Anyhow, the supreme court invalidated that procedure because of a little thing called due process in Redmond v. Moore, 151 Wn.2d 664, 91 P.3d 875 (2004). The question is whether the new process meets due process. (Spoiler alert: it does).

The new process gives 45 days notice. If a hearing is requested, the suspension is stayed during the review process. All documents submitted to DOL are reviewed, but the DOL will only grant telephonic or in person argument at its discretion. The sole issues before the review board is whether the person is the correct one and whether the action taken by the person reporting the need for suspension to the DOL is the correct action.

For those of you who are a bit out of practice with your Con Law, this is subject to the Matthews test:

The three factors of the Mathews test are (1) the potentially affected interest; (2) the risk of an erroneous deprivation of that interest through the challenged procedures, and probable value of additional procedural safeguards; and (3) the government's interest, including the potential burden of additional procedures. Mathews, 424 U.S. at 335. Due process does not require an error-free process, so the mere possibility of error is insufficient to invalidate the process. Mackey v. Montrym, 443 U.S. 1, 13, 99 S. Ct. 2612, 61 L. Ed. 2d 321 (1979).

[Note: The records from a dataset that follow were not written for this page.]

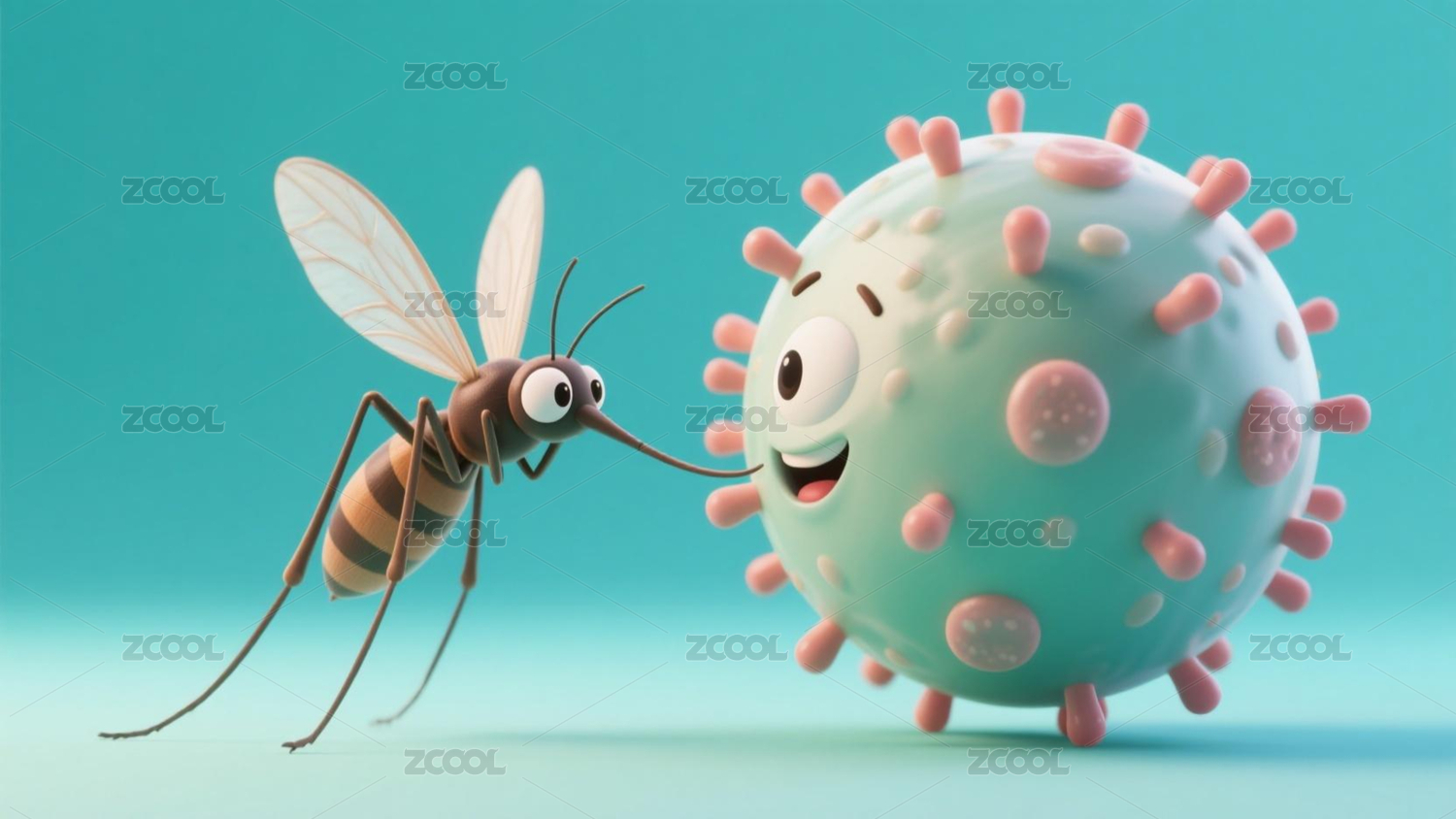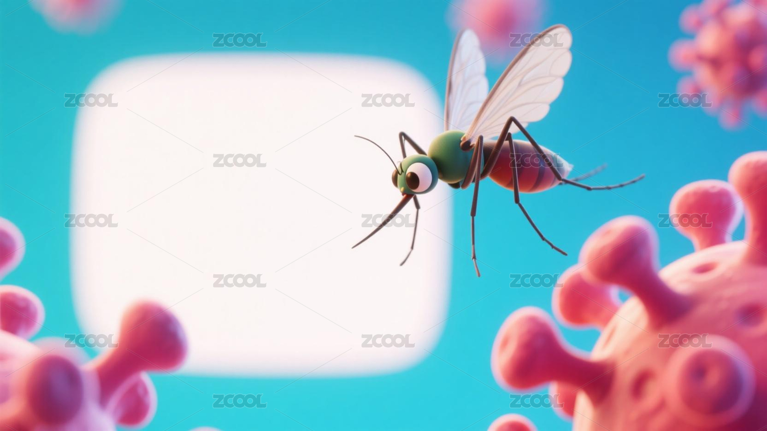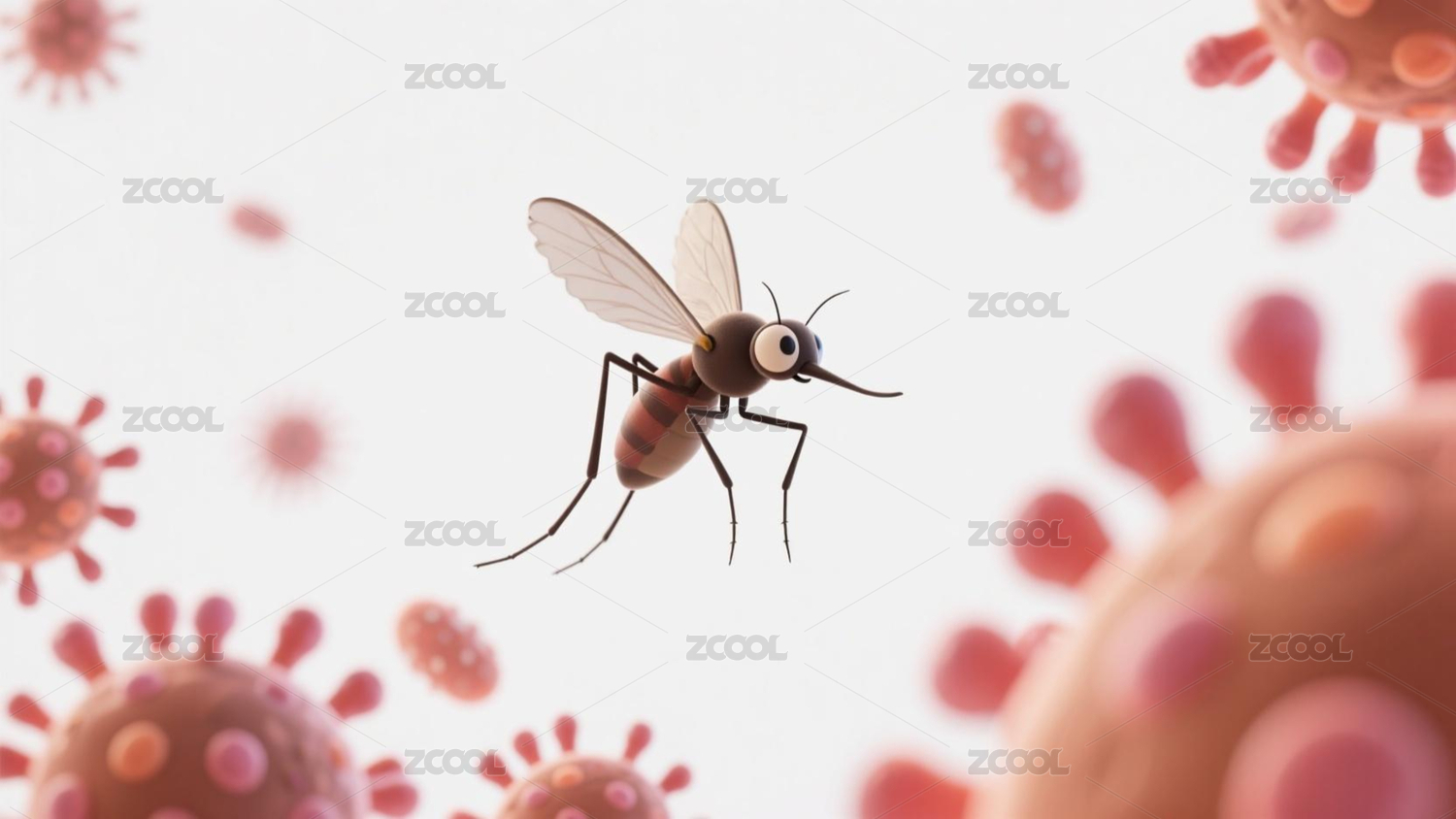 蚊子与周围病毒的特写画面
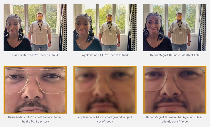Der unten eingebettete Vergleich macht die Vorzüge der variablen Blende deutlich – so kann die Tiefenschärfe auf Knopfdruck vergrößert werden. Theoretisch ließe sich dasselbe Resultat durch die Aufnahme und Kombination mehrerer Fotos mit unterschiedlichem Fokus erzielen, allerdings unterstützt kaum ein Smartphone Focus Stacking. Die Kamera-App des Mate 50 Pro blendet automatisch auf f/2 oder f/2.8 ab, wenn eine größere Tiefenschärfe bei Gruppen-Porträts notwendig ist.
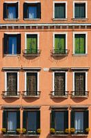 Traditionele symmetrische Italiaanse ramen, luiken en balkons in diverse kleuren. Gezien in het centrum van de stad Venetië op een zonnige zomerse dag.
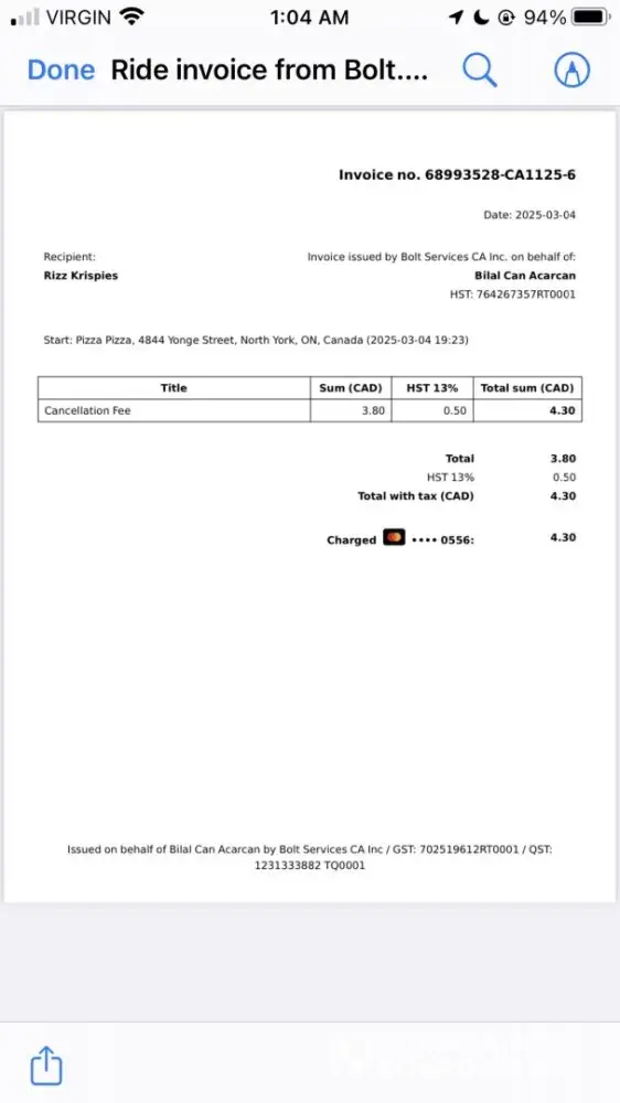 Read full complaintBolt Services Canada d/b/a Hopp Rides - Fraudultent driver

The United States Supreme Court has held that driver's licenses are a substantial interest, due to the ability to earn a living usually being contingent on the ability to get there in less than three days on foot. The new hearings process takes care of the risk of erroneous deprivations, because evidence can be submitted by the driver. Lee argues this required an ability to cross examine, but not every case has that need. Given the low risk of deprivation under the new procedure, new processes for the state would require too much of a burden.

Sorry Lee. You need to pay your parking ticket AND wait a bit to get your license back.